To do →
Say how many lines below have "that" in them, giving the number alone.
=== Material for this task ===
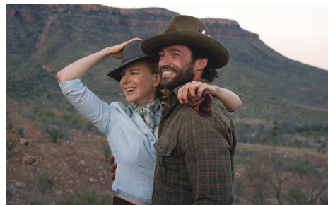
“Faraway Downs” (Hulu — Nov. 26, Limited Series Premiere)

The story centers on an English aristocrat, Lady Sarah Ashley (Nicole Kidman) who travels halfway across the world to confront her wayward husband and sell an unusual asset: a million-acre cattle ranch in the Australian Outback called Faraway Downs. When a ruthless Australian cattle baron, King Carney (Bryan Brown), plots to take Lady Ashley’s land, she reluctantly joins forces with a rough-hewn cattle drover (Hugh Jackman) to protect her ranch. The sweeping adventure romance is explored through the eyes of young Nullah (newcomer Brandon Walters), a bi-racial Indigenous Australian child.
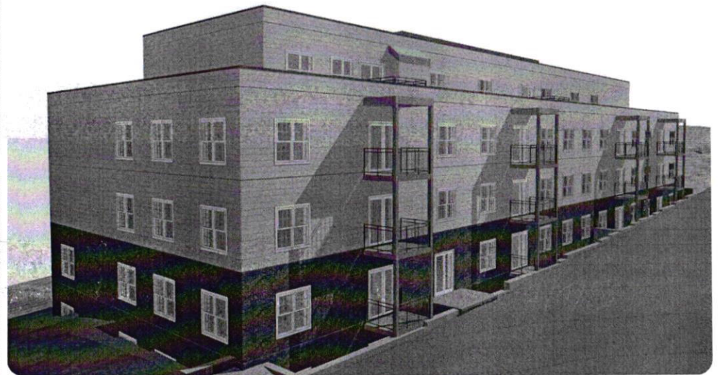
SD13 | HAMPTON EAST 2, WASHINGTON, DC SCHEMATIC PERSPECTIVES
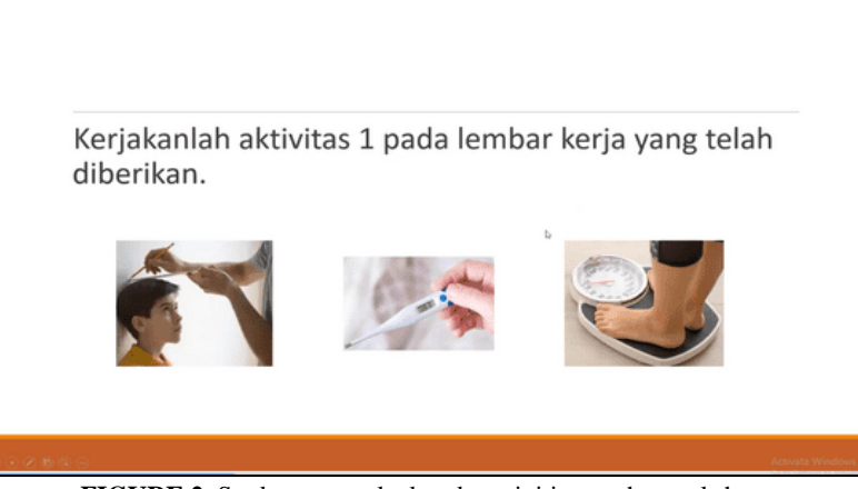
FIGURE 2. Students are asked to do activities on the worksheet

In addition, students are also asked to work on worksheets that can help students achieve formal knowledge about the concept of function.
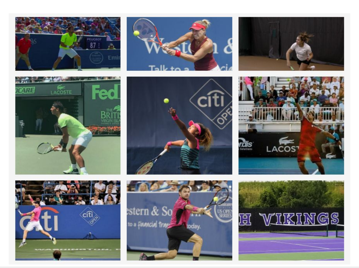
5 YEAR 'NO FADE' PRINT WARRANTY ON CUSTOM TENNIS WIND SCREENS
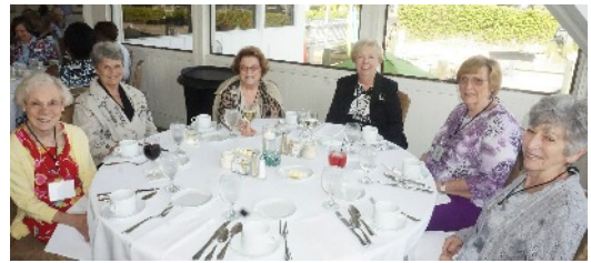
Lunch in the Boat House.
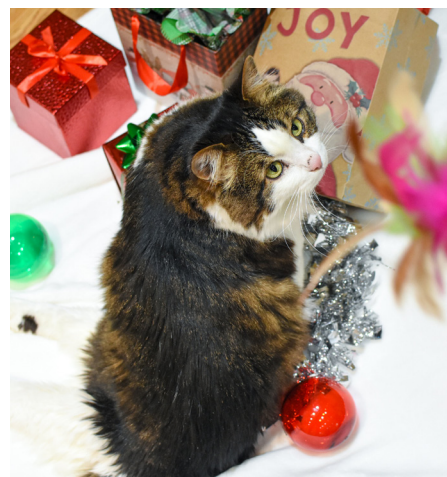
Whatever your best donation may be, Anka thanks you with all his heart

cats and yourself. It's a win-win (and the Tabby's Place cats are always in your corner!)
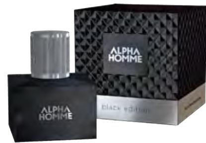
EAU DE PARFUM ESTEL ALPHA HOMME BLACK EDITION pour homme

Your fragrance is a personal signature to actions and decisions. It is a symbol of someone who takes matters into his own hands.
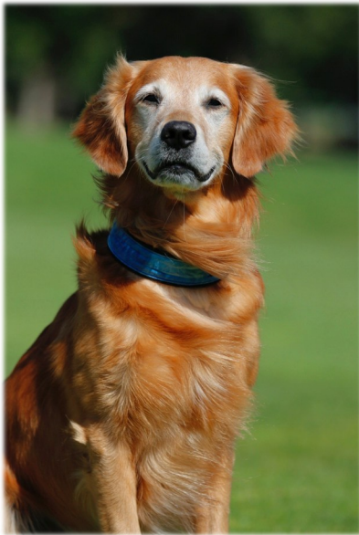
Edge~10 ~T Chang
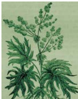
Turkish Rhubarb - Rheum palmatum

The root of Turkish rhubarb has been used traditionally to improve both digestion and loss of appetite. Rich in tannins that increase the flow of saliva and gastric secretions, it can be used as an astringent or stomach tonic at a low dosage to stop diarrhea. In army camps it was said to stop the deadly scourge of dysentery.
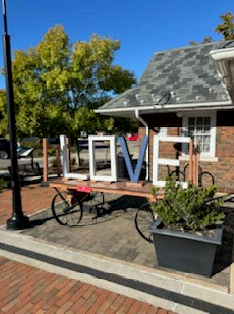
Photo: Ashland LOVE sign
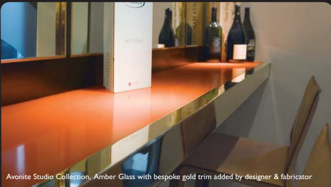
Avonite Studio Collection, Amber Glass with bespoke gold trim added by designer & fabricator
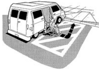
TABLE 10-8-6 (A) ILLUSTRATION SHOWING A VAN WITH A SIDE-MOUNTED WHEELCHAIR LIFT

The illustration above shows a van with a side-mounted wheelchair lift lowered onto a marked access aisle at a van-accessible parking space. A person using a wheelchair is getting out of the van. A dashed line shows the route from the lift to the sidewalk.
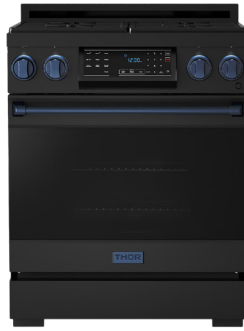
BLUE RSG30B-BLU / RSG30BLP-BLU
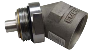
A4110EVR Coaxial Hose Swivel

S imple A ffordable F lexible E fficient
===
Written reply →
2